II Le Blanc cortège

Or, le vendredi avant la Saint-Jean, le roi chassa tout le jour dans la forêt de Camaaloth ; vers le soir, comme il regagnait la ville avec ses gens, il vit venir à lui une belle compagnie.

En tête, deux garçons à pied menaient deux sommiers blancs, dont l’un portait un léger pavillon de campement, le plus riche qu’on eût jamais fait, et l’autre deux beaux coffres pleins de robes de chevaliers. Puis avançaient, deux par deux, quatre écuyers montés sur des roussins et tenant qui un écu à boucle d’argent, qui un heaume argenté, qui une lance, qui une grande épée, claire, tranchante et légère à merveille ; et après eux d’autres écuyers et sergents ; puis trois pucelles ; enfin une dame accompagnée d’un damoisel beau comme le jour et de deux gentils valets avec lesquels elle causait. Et les robes, les armes, les écus, les chevaux, tout le cortège était couleur de neige.
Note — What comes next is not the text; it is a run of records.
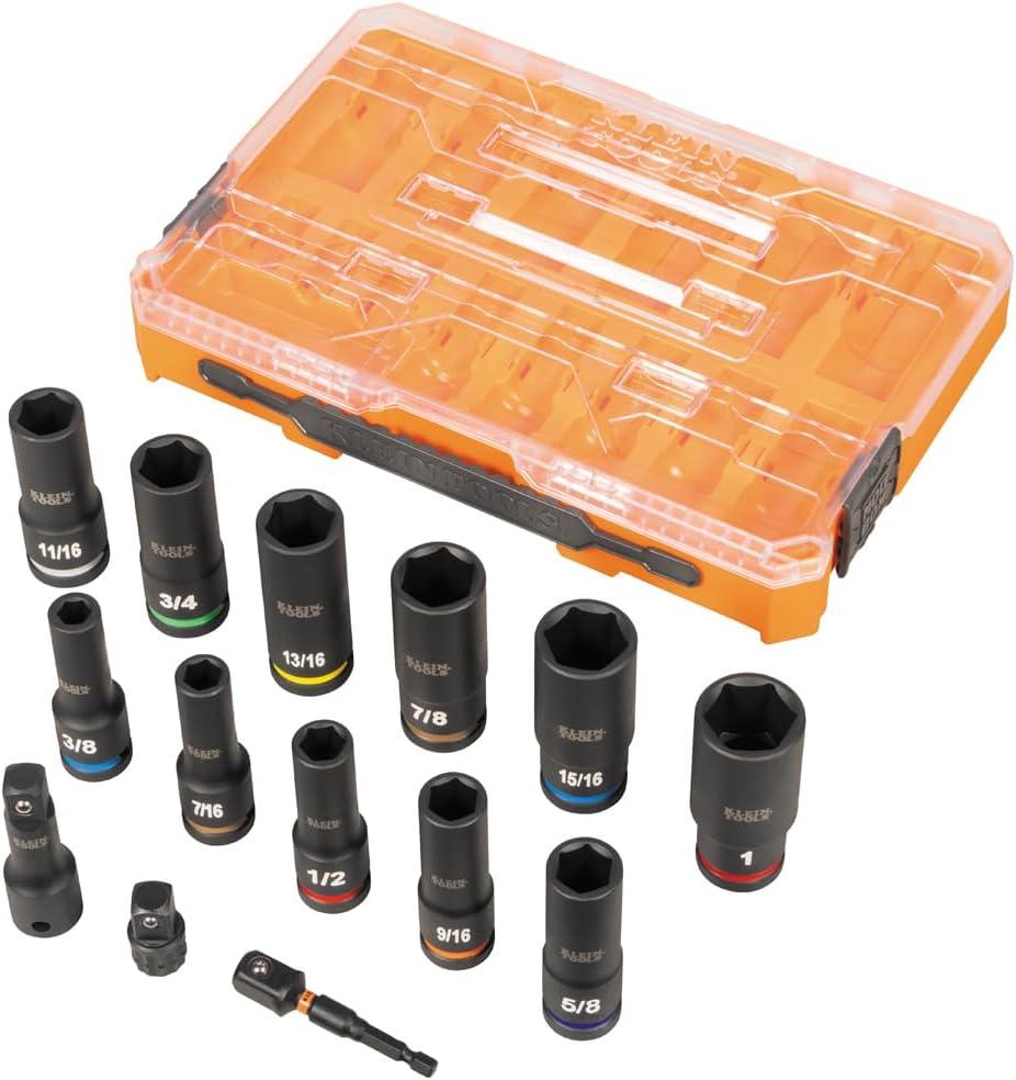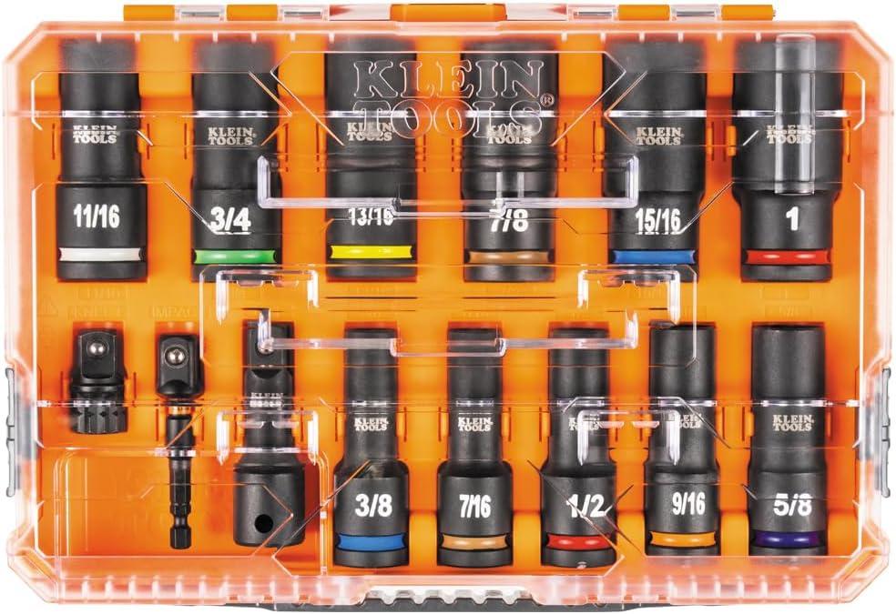 This 14-Piece impact socket set features color-coded sockets in sizes 3/8, 7/16, 1/2, 9/16, 5/8, 11/16, 3/4, 13/16, 7/8, 15/16 and 1-Inch. Each impact socket provides increased reach and additional depth for longer bolts. Also comes in a compact, modular storage system that is compatible with MODbox and stackable with other cases of similar design. For more than 160 years, Klein Tools has manufactured premium-quality, professional-grade hand tools that deliver the performance, durability and precision needed to get the job done right. Our family of engineers, workers and craftsman continue to put six generations of expertise into every tool we create by using only the highest quality materials, superior workmanship, and keeping manufacturing as close to home as we can. Klein isn't just the name of our company, it's also our family name. And since we're an American company that's family-owned and family-run, you know you can count on us to be here tomorrow. Klein Tools doesn't just make great products, we make great products that stand up to the demands of the professionals who use them every day … Since 1857.
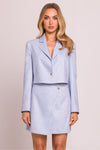 Elegant short blazer with a timeless cut, made of high-quality fabric. The classic collar gives it elegance, and the decorative heart-shaped button adds a subtle, unique accent. The model is fully lined, which ensures comfort and perfect fitting on the silhouette. It perfectly complements both elegant and casual stylizations. Designed and sewn in Poland with attention to every detail.
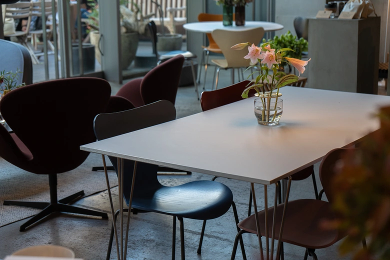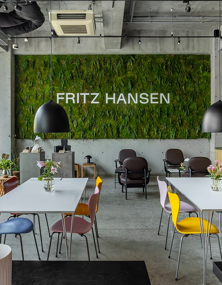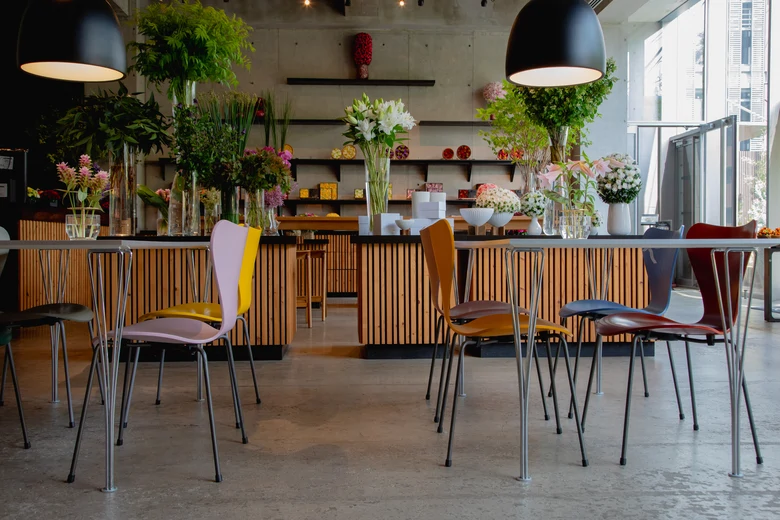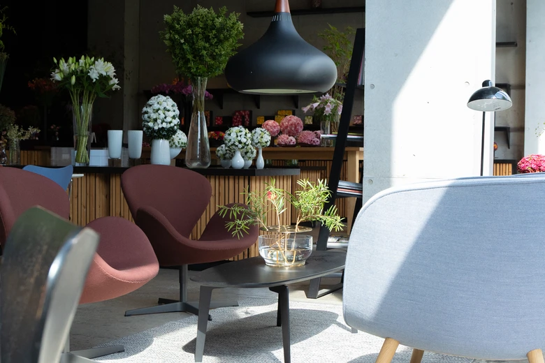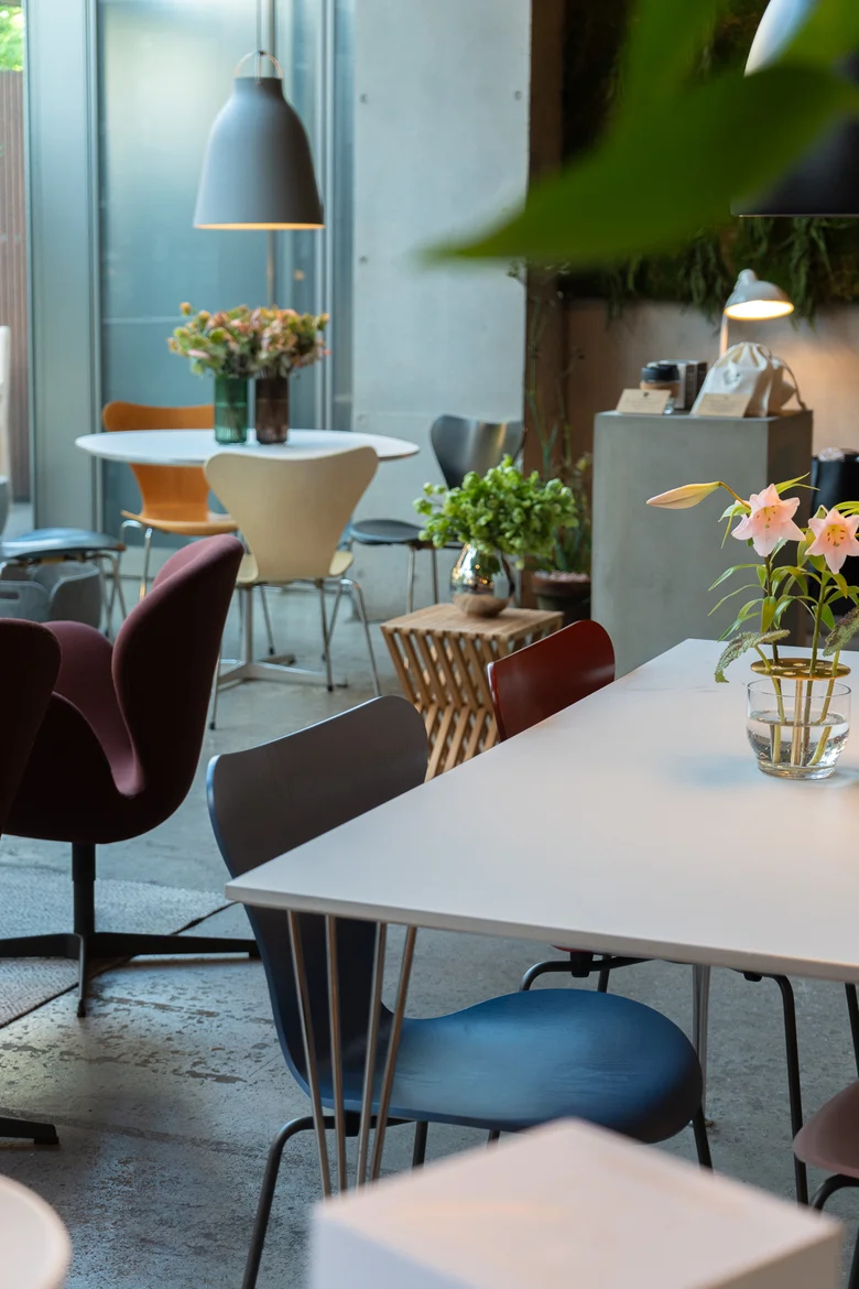デンマークを代表する家具ブランド<FRITZ HANSEN(フリッツ・ハンセン)>のセブンチェアやスワンチェアが店内に並び、インテリアに合わせた花々が彩る空間が登場。洗練された北欧デザインとフラワーアートが調和し、訪れる人にデンマーク流の「ヒュッゲ」な時間を提供する。

Le roi s’arrêta, émerveillé. Cependant la dame, l’ayant aperçu, pressait son palefroi et, dépassant son escorte, s’avança vers lui en compagnie du beau damoisel. Et sachez encore qu’elle était vêtue d’une cotte et d’un manteau de samit blanc, fourré d’hermine, et qu’elle chevauchait un petit palefroi ambiant, si bien taillé qu’on n’en vit jamais de plus beau, dont la housse de soie traînait jusqu’à terre ; son frein et son poitrail étaient subtilement gravés d’images où l’on voyait des dames et des chevaliers. Dès que la dame arriva devant le roi, elle écarta son voile et, après lui avoir rendu le salut qu’il se hâta de lui faire le premier, en gentilhomme courtois et bien appris qu’il était, elle lui dit :

– Sire, Dieu vous bénisse comme le meilleur des rois de ce monde ! Je viens de bien loin pour vous demander un don que vous ne me refuserez point, car il ne peut vous causer nul mal et ne coûtera rien.

– Demoiselle, répondit le roi, dût-il m’en coûter beaucoup, pourvu qu’il ne me soit honte et qu’il ne cause dommage à mes amis, je vous l’octroierai, quel qu’il soit.

– Sire, grand merci ! Je vous requiers donc de faire chevalier ce mien écuyer, lorsqu’il vous le demandera.

– Belle amie, grâces vous soient rendues de m’avoir amené ce beau jouvenceau. Je lui donnerai ce qui est de moi : ses armes et la colée ; Dieu ajoutera le surplus : c’est la prouesse.

La Dame remercia le roi et lui apprit qu’on l’appelait la Dame du Lac ; après quoi, quelque prière qu’il lui fit de demeurer, elle prit congé, le laissant fort étonné, car il n’avait jamais entendu prononcer ce nom.